#### Information provided ####

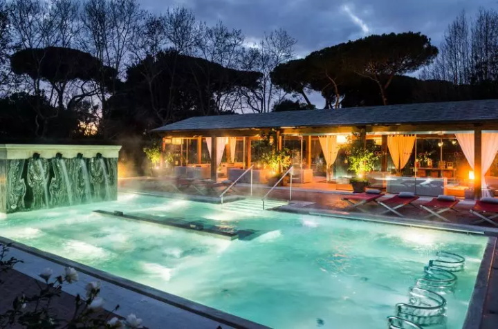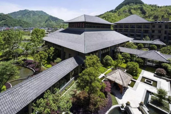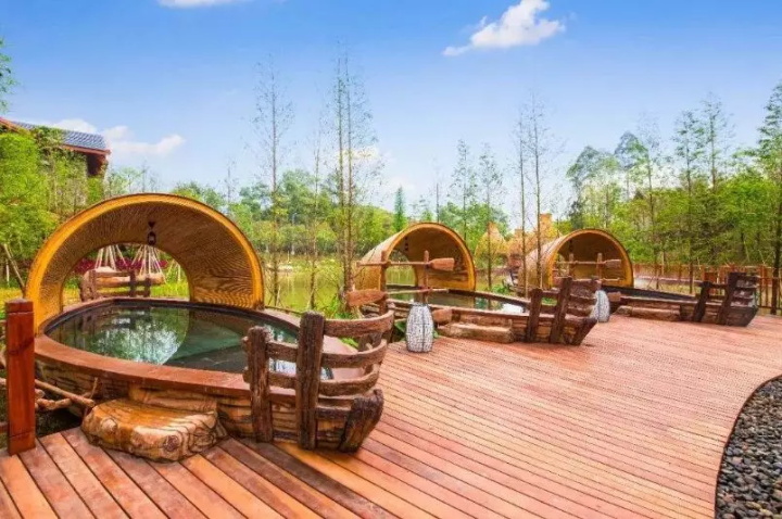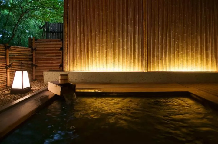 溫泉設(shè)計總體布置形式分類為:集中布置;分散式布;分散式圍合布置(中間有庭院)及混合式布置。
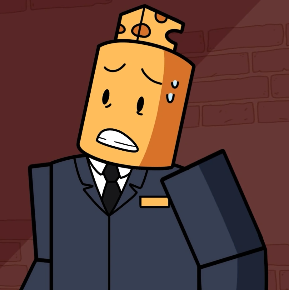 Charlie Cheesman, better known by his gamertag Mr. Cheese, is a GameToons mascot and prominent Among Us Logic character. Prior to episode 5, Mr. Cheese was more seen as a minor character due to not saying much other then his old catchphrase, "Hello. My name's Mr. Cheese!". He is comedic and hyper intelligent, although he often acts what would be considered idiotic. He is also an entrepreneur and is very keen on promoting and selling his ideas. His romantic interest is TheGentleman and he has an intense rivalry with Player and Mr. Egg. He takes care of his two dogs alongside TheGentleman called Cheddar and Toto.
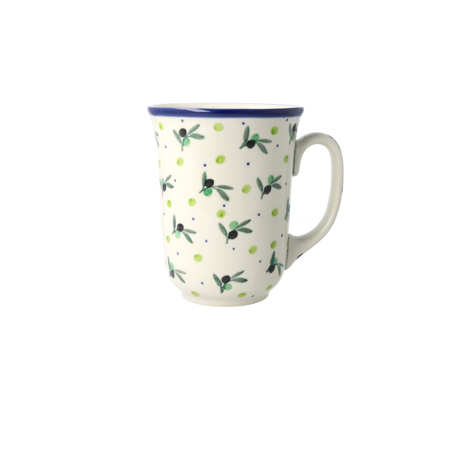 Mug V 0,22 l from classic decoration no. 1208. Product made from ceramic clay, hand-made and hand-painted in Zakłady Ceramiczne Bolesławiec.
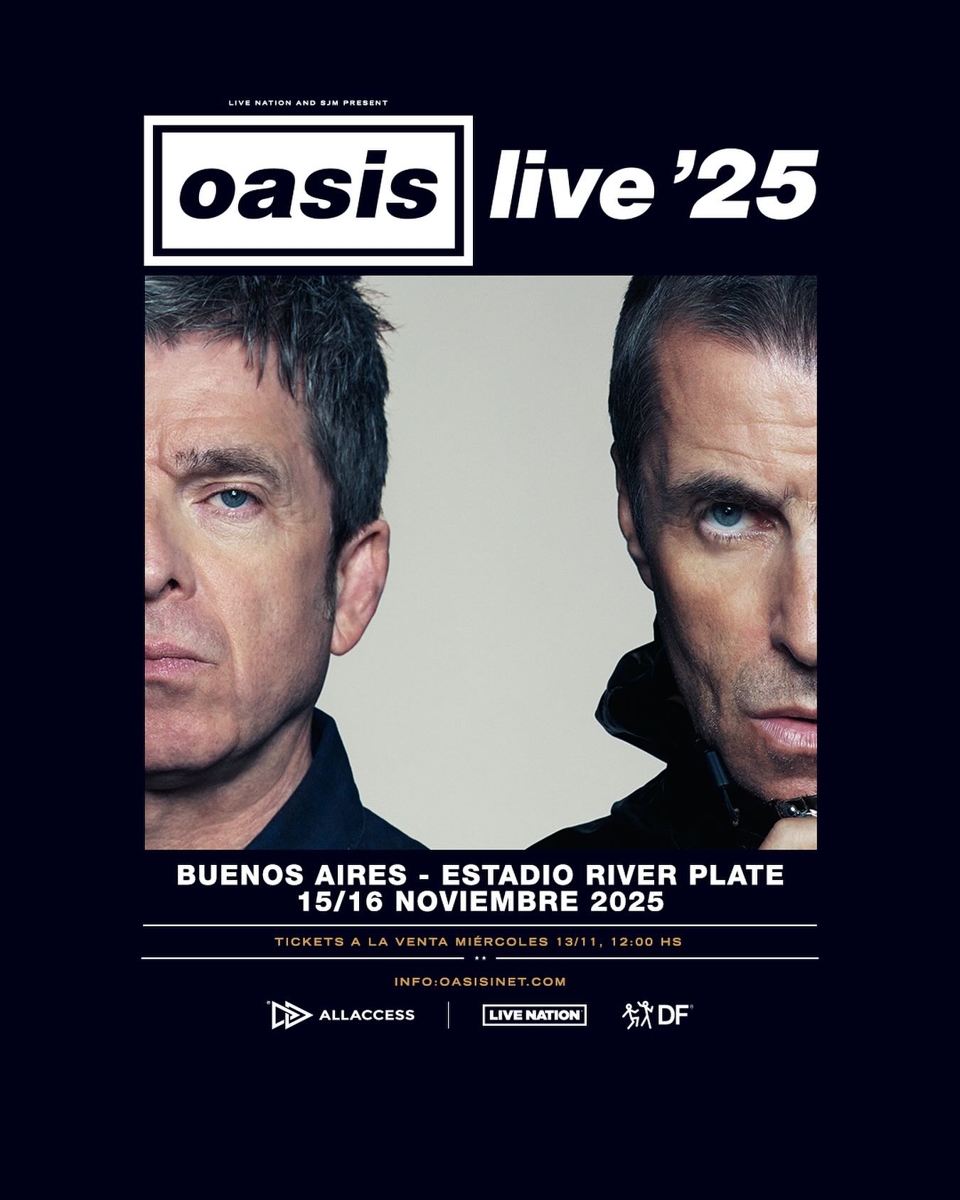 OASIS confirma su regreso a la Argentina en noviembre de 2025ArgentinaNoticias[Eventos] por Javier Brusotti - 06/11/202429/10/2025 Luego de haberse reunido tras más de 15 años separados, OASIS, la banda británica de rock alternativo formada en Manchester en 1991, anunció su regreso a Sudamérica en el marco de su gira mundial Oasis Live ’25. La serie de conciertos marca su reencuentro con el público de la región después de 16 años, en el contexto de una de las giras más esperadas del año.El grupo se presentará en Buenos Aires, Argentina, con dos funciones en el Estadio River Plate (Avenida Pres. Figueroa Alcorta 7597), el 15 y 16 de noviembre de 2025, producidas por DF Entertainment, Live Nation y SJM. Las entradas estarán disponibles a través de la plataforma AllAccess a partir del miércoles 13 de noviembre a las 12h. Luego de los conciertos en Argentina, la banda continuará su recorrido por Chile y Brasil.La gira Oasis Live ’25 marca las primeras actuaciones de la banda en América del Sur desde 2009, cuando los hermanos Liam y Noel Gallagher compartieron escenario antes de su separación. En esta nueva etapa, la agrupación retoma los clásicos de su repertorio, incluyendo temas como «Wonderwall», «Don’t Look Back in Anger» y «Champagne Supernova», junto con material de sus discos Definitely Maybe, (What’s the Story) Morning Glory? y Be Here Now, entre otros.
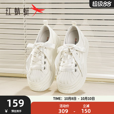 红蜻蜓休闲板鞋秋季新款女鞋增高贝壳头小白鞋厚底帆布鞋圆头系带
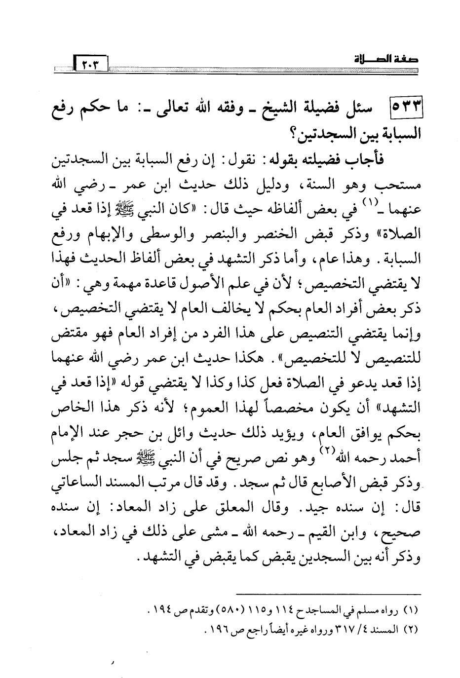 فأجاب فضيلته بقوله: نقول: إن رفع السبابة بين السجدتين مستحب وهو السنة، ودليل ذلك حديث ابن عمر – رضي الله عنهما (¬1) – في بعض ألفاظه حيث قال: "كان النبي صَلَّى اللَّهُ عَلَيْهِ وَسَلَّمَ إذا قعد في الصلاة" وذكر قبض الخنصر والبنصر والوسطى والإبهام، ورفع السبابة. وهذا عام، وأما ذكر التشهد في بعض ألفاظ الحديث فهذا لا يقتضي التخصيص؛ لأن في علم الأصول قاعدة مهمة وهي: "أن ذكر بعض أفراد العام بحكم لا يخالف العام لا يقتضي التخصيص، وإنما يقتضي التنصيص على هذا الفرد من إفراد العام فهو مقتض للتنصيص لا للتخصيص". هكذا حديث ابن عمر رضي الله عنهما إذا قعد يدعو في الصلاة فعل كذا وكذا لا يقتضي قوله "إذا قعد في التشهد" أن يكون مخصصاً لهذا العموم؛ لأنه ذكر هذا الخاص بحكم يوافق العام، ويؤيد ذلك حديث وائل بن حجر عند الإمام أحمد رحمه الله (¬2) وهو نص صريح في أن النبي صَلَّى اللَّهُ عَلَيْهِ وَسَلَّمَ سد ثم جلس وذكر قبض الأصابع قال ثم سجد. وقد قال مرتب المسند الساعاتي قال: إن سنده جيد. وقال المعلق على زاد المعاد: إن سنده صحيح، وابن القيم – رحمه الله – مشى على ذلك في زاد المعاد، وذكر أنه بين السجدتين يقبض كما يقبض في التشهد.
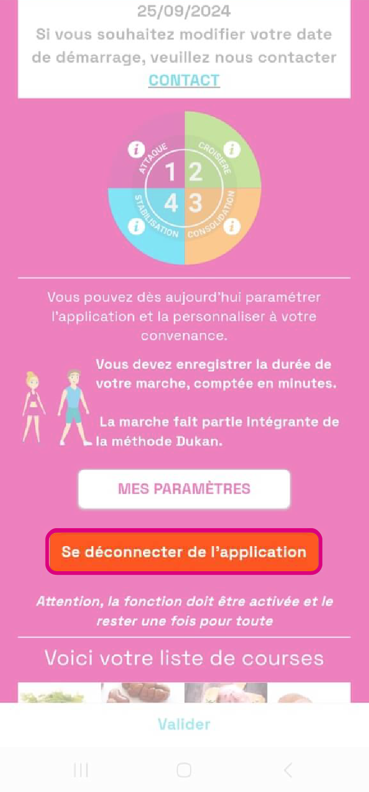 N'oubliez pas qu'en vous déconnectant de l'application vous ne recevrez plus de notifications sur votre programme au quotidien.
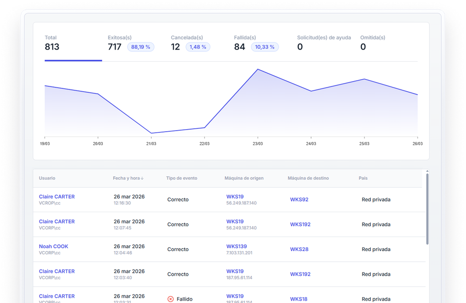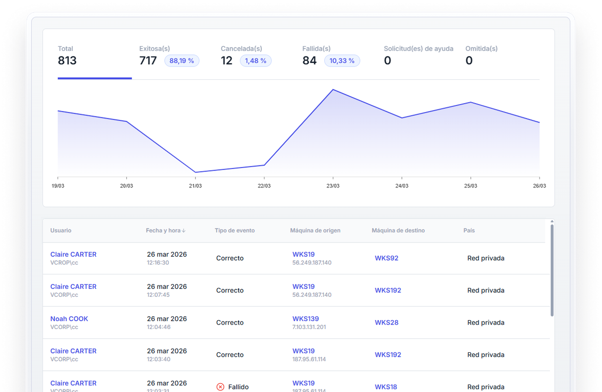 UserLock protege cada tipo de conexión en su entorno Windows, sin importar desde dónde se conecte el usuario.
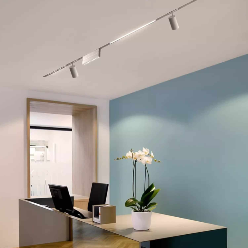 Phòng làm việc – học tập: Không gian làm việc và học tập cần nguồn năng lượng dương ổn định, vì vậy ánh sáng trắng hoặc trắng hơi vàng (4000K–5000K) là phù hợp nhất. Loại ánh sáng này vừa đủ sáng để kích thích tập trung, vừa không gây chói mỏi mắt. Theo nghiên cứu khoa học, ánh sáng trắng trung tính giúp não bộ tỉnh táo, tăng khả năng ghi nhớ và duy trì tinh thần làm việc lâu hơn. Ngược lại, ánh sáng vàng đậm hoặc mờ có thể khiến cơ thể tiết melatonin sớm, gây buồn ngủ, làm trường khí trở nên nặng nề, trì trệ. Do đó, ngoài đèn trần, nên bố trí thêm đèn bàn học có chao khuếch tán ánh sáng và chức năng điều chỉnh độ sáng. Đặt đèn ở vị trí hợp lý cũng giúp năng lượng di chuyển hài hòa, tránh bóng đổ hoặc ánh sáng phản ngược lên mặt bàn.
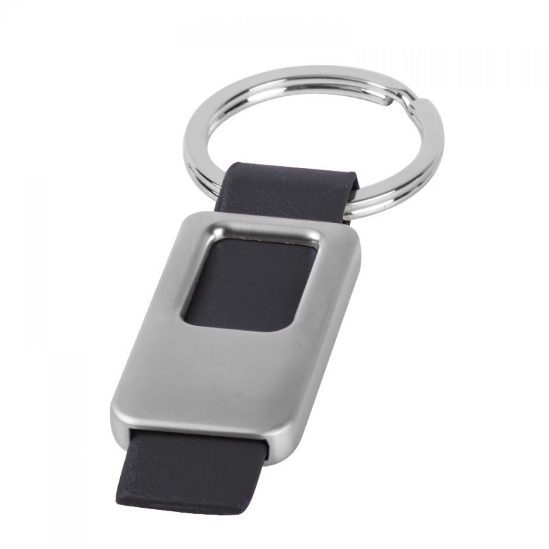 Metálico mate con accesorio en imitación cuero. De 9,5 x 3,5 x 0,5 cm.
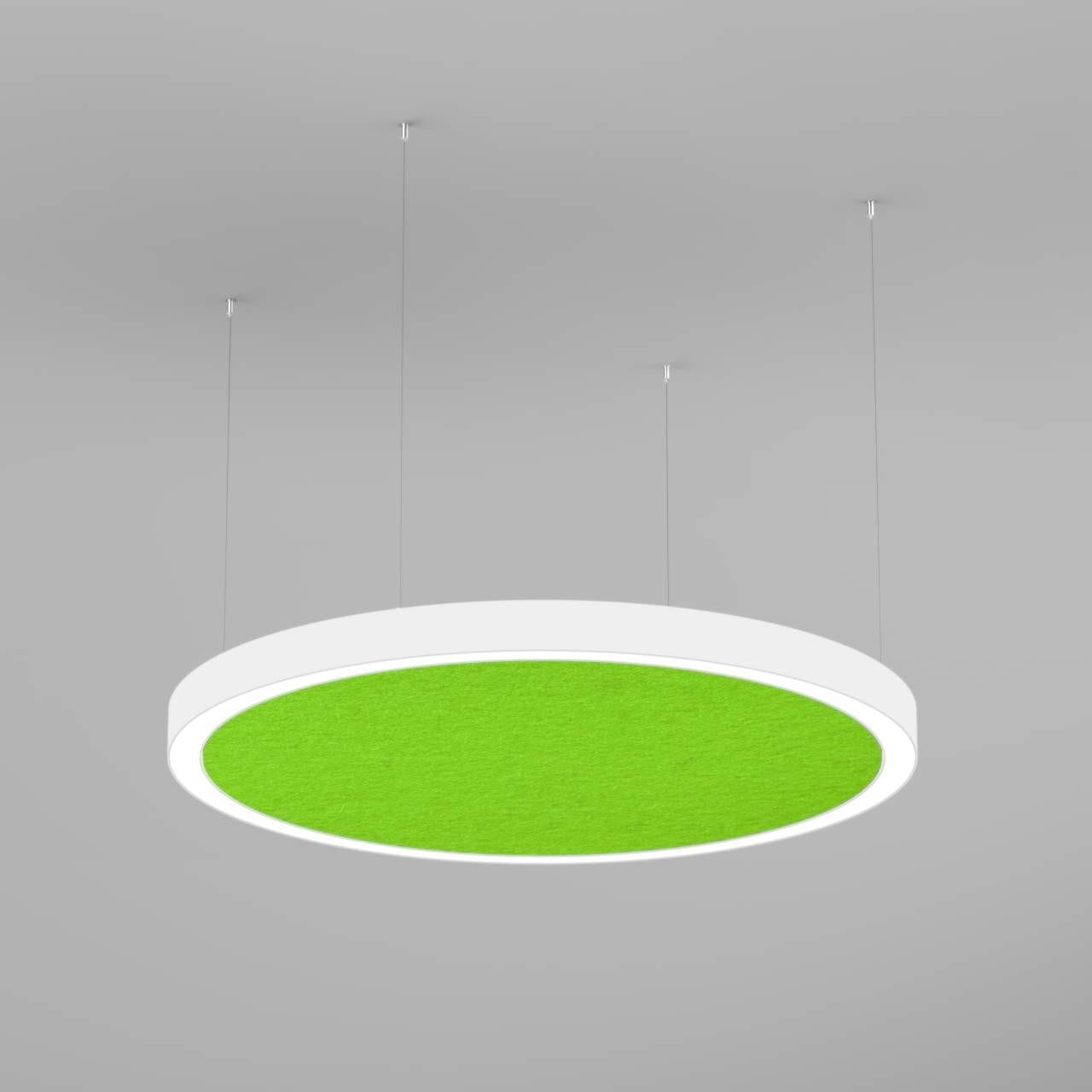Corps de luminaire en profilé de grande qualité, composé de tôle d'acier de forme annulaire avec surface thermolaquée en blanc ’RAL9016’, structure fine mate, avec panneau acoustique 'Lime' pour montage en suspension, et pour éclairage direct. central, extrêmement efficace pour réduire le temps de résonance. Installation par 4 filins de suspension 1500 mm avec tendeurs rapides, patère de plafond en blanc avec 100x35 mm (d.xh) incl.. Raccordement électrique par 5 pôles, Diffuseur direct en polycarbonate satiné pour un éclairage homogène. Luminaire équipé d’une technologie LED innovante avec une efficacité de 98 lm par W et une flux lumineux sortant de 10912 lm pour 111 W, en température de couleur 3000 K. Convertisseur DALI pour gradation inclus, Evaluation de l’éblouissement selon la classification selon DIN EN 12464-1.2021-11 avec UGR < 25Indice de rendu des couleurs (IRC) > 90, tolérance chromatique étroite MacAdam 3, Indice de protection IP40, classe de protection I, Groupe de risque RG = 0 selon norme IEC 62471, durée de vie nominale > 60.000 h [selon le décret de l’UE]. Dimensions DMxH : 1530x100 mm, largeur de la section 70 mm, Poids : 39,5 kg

####

The task
Could you set down, exactly as written, every line from the start of the records above through the line containing "Charlie Cheesman, better", leaving the pictures out?

Answer to this problem
 溫泉設(shè)計總體布置形式分類為:集中布置;分散式布;分散式圍合布置(中間有庭院)及混合式布置。
 Charlie Cheesman, better known by his gamertag Mr. Cheese, is a GameToons mascot and prominent Among Us Logic character. Prior to episode 5, Mr. Cheese was more seen as a minor character due to not saying much other then his old catchphrase, "Hello. My name's Mr. Cheese!". He is comedic and hyper intelligent, although he often acts what would be considered idiotic. He is also an entrepreneur and is very keen on promoting and selling his ideas. His romantic interest is TheGentleman and he has an intense rivalry with Player and Mr. Egg. He takes care of his two dogs alongside TheGentleman called Cheddar and Toto.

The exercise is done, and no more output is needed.